Behind the hype over Aetna’s minimum wage boost

January 20, 2015, 6:31 PM UTC
The Davos World Economic Forum 2014
Mark Bertolini, chief executive officer of Aetna Inc., poses for a photograph following a Bloomberg Television interview on the opening day of the World Economic Forum (WEF) in Davos, Switzerland, on Wednesday, Jan. 22, 2014. World leaders, influential executives, bankers and policy makers attend the 44th annual meeting of the World Economic Forum in Davos, the five day event runs from Jan. 22-25. Photographer: Simon Dawson/Bloomberg via Getty Images
Photograph by Simon Dawson — Bloomberg via Getty Images

Last week, Aetna, Inc., one of the largest healthcare insurers in America, made news when it announced it would boost its minimum wage base to $16 an hour for its lowest-earning employees. Aetna (AET) also pledged to cover more of its employee’s health costs. In a Wall Street Journal interview, CEO Mark Bertolini said the company hopes to reduce its $120 million annual turnover costs and will monitor how this investment plays out.

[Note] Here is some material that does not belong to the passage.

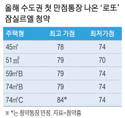 '10억 로또'로 여겨져 632대1의 높은 청약 경쟁률을 보인 서울 송파구 잠실르엘 아파트에서 청약가점 만점자가 나왔다.

While a firm’s decision to increase pay for lower-wage workers should certainly be applauded, it also begs the question: Why is the decision to pay workers $16 per hour breaking news?

My answer: because of the message it sends to investors and shareholders.

Business leaders are undoubtedly influenced by their investors and shareholders. Aetna made the business case for investing in their employees by committing to reduced turnover costs. Unfortunately, for some investors, a firm’s employees are viewed as liabilities instead of assets.

This became clear when I spoke to Kevin Davis, co-founder of Rebound Technology, a Boulder-based start-up that is a part of a Hitachi Foundation initiative that supports entrepreneurs and helps connect them with investment capital. Kevin wants to build his refrigeration business with employees in mind, offering them market-rate wages and benefits. However, when Kevin meets with investors, he tells me he is hesitant to mention his vision for good jobs. He’s concerned this might scare off potential investors.

I understand his hesitation. Investors generally look for lean operations with low overhead and expenses. Lean often means paying employees below-market wages, not offering annual raises or benefits, and long work hours in exchange for some equity. This is usually not a good deal for employees unless the start-up becomes wildly successful.

People drive effective operations and businesses need to invest in workers with a focus on the bottom line. For start-ups, that means they need to take time to define their long-term vision for the company and how employees, and their associated skills, will contribute to that vision. Businesses then need to track and measure productivity gains and turnover costs when they conduct a cost-benefit analysis of the investment they made in their employees.

Despite a solid body of research and an array of business success stories, the notion still persists that an investment in people is an excess expense. There are funds, such as the Parnassus Endeavor Fund, that find companies out-perform competitors because of the investments they make in their workforce. Moreover, there are impact investors who want their money to achieve social and environmental returns in addition to economic returns, but they are outliers.

Business leaders should seek investors who align with their goals. Businesses need capital at every stage – from start-up through their decades of growth. There is a dating game between fund seekers and investors – and both should guard against a poor fit.

Aetna’s CEO Mark Bertolini took a bold stand by raising the wage floor to $16 an hour. Roughly 12 percent of the company’s U.S. workforce will directly benefit. In making this change, Bertolini made a larger point: these are the people that Aetna counts on to serve its customers. It is his belief that reducing turnover and improving the quality of customer engagement will yield significant returns on the estimated $14 million that these changes are expected to cost Aetna in 2015.

As a leader in the insurance industry, Aetna is deservedly making news. I can’t help but hope for the day when this is viewed not as breaking news, but as just plain good business.

Barbara Dyer is president & CEO of The Hitachi Foundation and senior lecturer at the MIT Sloan School of Management.